Debt is the true price of a college education
On Feb. 7, the U.S. secretary of education's Commission on the Future of Higher Education held a public hearing in Seattle. Participants asked for responses to questions about access, quality, cost and more. As a student facing these issues right now, there's one question on the commission's agenda that I care about specifically: "What is the true price of a college education?"
For me, and for millions of other students around the country, the true price of a college education is more than just dollars: it's debt. Debt from student loans can take a lifetime to pay off and have major consequences. When I start paying more than $200 a month on my student loans, how will I save for retirement, buy a house, start a family or even afford to live as a graduate doing social work? Plus, Congress just approved higher interest rates for student loans: 6.8 percent for students and 8.5 percent for parent loans. That could mean thousands more in interest costs for borrowers such as me.
Student debt is already the highest it's ever been: Two-thirds of full-time students at four-year schools have student loans, and their average debt load grew a whopping 60 percent over the past decade. That's because even public universities now cost more than most people can afford, not to mention other necessities such as housing and textbooks. Nationally, people graduating from four-year public colleges in 2004 had an average $17,600 in student loans.
As a student who is funding my own education, student loans have been a necessity. In my first two years at the University of Washington, I struggled to maintain my grades while working 30-35 hours a week at a local restaurant in order to pay living expenses. Between class and work, I had no time to engage in the campus community or experience "college life." During my junior year, I chose to take out even more student loans and work less. I finally had the opportunity to get involved with student groups on campus and take advantage of some of what the UW has to offer outside the classroom. The lessons I learned through working and volunteering with student organizations and attending community events have been invaluable to my education. However, it has come at a cost. Even with loans and two jobs, I struggle to pay the rent for my modest apartment each month, and buy groceries and textbooks with my credit card. I will graduate in the spring with more than $15,000 in loan debt, an intimidating thought for a student with ambitions to have a career in social work.
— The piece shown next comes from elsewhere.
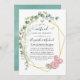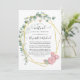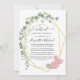 Trendy geometric eucalyptus greenery and blush pink roses online long distance virtual wedding ceremony invitation with gold geometric frame and mint watercolor wash reverse.
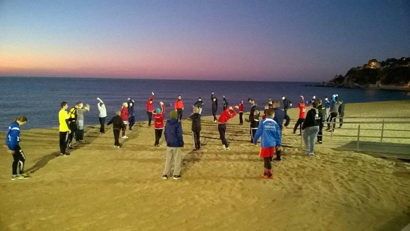 Zawodnicy dzień rozpoczynali od rannego biegania uliczkami przepięknego miasteczka oraz nad brzegiem Morza Śródziemnego. W ciągu dnia mieli jeszcze dwie jednostki treningowe na boisku trawiastym, a także na plaży. Mimo, że w Polsce jest dość zimno, w Hiszpanii zawodnicy po treningu kąpali się w morzu (temperatura powietrza wynosiła ponad 20 stopni) Uczestnicy mieli możliwość zwiedzić przepiękne zakątki miasta, podziwiać krajobrazy. W trakcie obozu jeden dzień poświęcony był również na wyjazd do Barcelony, szybkie zwiedzanie no i oczywiście wejście na Camp Nou z wielkim widowiskiem jakim był mecz w półfinale Pucharu Króla: FC Barcelona – Valencia zakończony zwycięstwem Barcy aż 7:0. Bramki strzelali: 4 Suarez i 3 Messi. Do tego jeszcze niestrzelony przez Neymara karny i poprzeczka Messiego. Niesamowite przeżycie.

Everyone tells you that borrowing for education is a good investment, that you'll make a million dollars more than people with just a high school diploma; that you should do whatever it takes to get that degree. And we do, because a college degree is just about the only way to get into, or stay in, the middle class. But student debt can hold you back instead of helping you get ahead like college is supposed to. Not everyone gets a high-paying job when they graduate. Even if you do, what if the company goes under, or your car breaks down, or your mom gets sick? A hefty student loan bill every month leaves too many young adults without anything to fall back on when times are tough.
Student debt is the true price we pay for college: We pay a lot longer than it takes to get a degree, not to mention a lot more than we actually borrow, thanks to a nearly incomprehensible system that keeps piling on interest and fees even when struggling borrowers do everything right. In a case from right here in Seattle, the U.S. Supreme Court recently ruled that the government can even take money out of retirees' Social Security checks if they still owe on their student loans.
Having to borrow more and more to get a decent education makes college more risky instead of more accessible, limits our choices of schools and careers and jeopardizes the quality of our education. If the commission is truly concerned about access, choice and quality, it should address the growing problem of student debt and consider reforms to our financial aid system. Student loans should help increase opportunity, not condemn the college-educated to financial instability.
Ashley Miller is a senior at the Jackson School of International Studies and is vice president of the Associated Students of the University of Washington.
Boo Hoo Ashley.
Here is a thought... take a look at the ASUW Legislative Agenda and see if there maybe some ways to cut out some costs. Or maybe it would be quicker if we pointed out the areas where the ASUW was not in favor of doing things that raise costs. Here are just a few examples of what the ASUW is in favor of:
We support maintaining current state law which provides in-state tuition for children of undocumented immigrants.
We support raising student employee and staff salaries, as well as the restoration of benefits to the highest level previously provided.
We support raising faculty salaries and benefits to comparable levels of peer institutions.
We support the continued and expanded recognition of domestic partnerships and measures promoting marital equality.
We support the right of collective bargaining for academic employees.
We support requiring institutions of higher education to offer comprehensive and affordable health care coverage to all students, their spouses, domestic partners, and dependents.
We support state funding for the construction and operation of student-centered on-site childcare facilities and the expansion of childcare services on campus.
We support funding of a safer environment for the UW Community.
We support any measure that would decrease pollution and increase the usage of renewable resources on campus.
We oppose the sale, donation, or distribution of personal student information to third parties without student approval.
We oppose any effort to limit the civil rights of students or to increase their liability or punishment based on their status as students.
We support measures encouraging environmentally-friendly transportation.
We support measures that would ease the transportation burden of students.
We oppose all transportation measures that negatively impact the UW Community.
If Ashley and her friends had there way, the cost of educating her would skyrocket, just do not ask her to pay for it.